However, some details of this representation is still obscured by the lambda function used with the flat_map method.

Operations

• from_: Creates a state monad that returns a fixed values while leaving the state unchanged.

  m = statemonad.from_(3)

• map: Applies the provided function to the monad's value.
• flat_map: Applies the provided function to the monad's value, producing a new state monad, and flattens the result.
• zip: Combines multiple state monads into a single monad that evaluates each one and returns their result as a tuple.
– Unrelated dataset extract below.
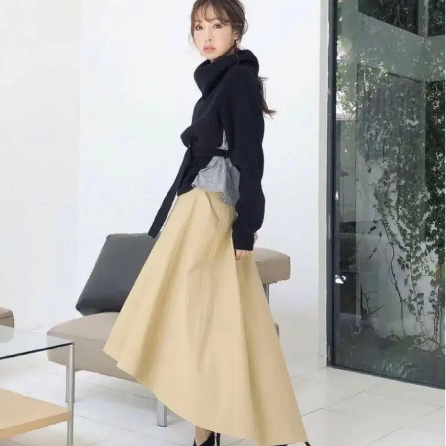 터틀넥 블랙 스웨터 허리 벨트 포함 체크 무늬 니트

  m = statemonad.zip((m1, m2, m3))

• get: Retrieves the current state as the monad's value.

  m = m.get()

• put: Updates the state with the provided value.

  m = m.put(state={})

Enhanced Exception handling

Consider the following use case:

def is_even(_):
    raise Exception('unexpected exception')

# create the state monad
m = statemonad.from_(3).map(is_even)

# run the computation based on the information contained inside the state object
state, value = m.apply(state)

Here, the first instruction defines the stateful operation, but does not immediately execute it. Instead, it returns a state monad, deferring computation until the apply method is called in the second instruction However, this delayed evaluation introduces a debugging challenge — if an unexpected exception occurs inside the stateful operation, the traceback points to the apply call rather than the original location where the operation was defined. This makes it difficult to pinpoint the source of the issue.

To improve debugging, StateMonad enhances exception messages by augmenting the traceback. When an error occurs during execution, the traceback not only includes standard error details but also tracks where the state monad was originally created:

statemonad.exceptions.StateMonadOperatorException: State Monad operator exception caught. See the traceback below for details on the operator call stack.

StateMonad Operation Traceback (most recent call last):
File "[...]\main.py", line 2
    import examples.raiseexceptionexample
File "[...]\examples\raiseexceptionexample.py", line 41
    m = statemonad.from_(3).map(is_even)

This feature aids in identifying the root cause of errors more efficiently.

References

Several state monad implementations exist in Python, such as:

• https://github.com/dbrattli/OSlash
• https://github.com/dry-python/returns
• https://github.com/jasondelaat/pymonad

However, these implementations tend to be unnecessary complex, as they attempt to directly translate functional programming concepts into Python - a language that only weakly supports types through type hinting.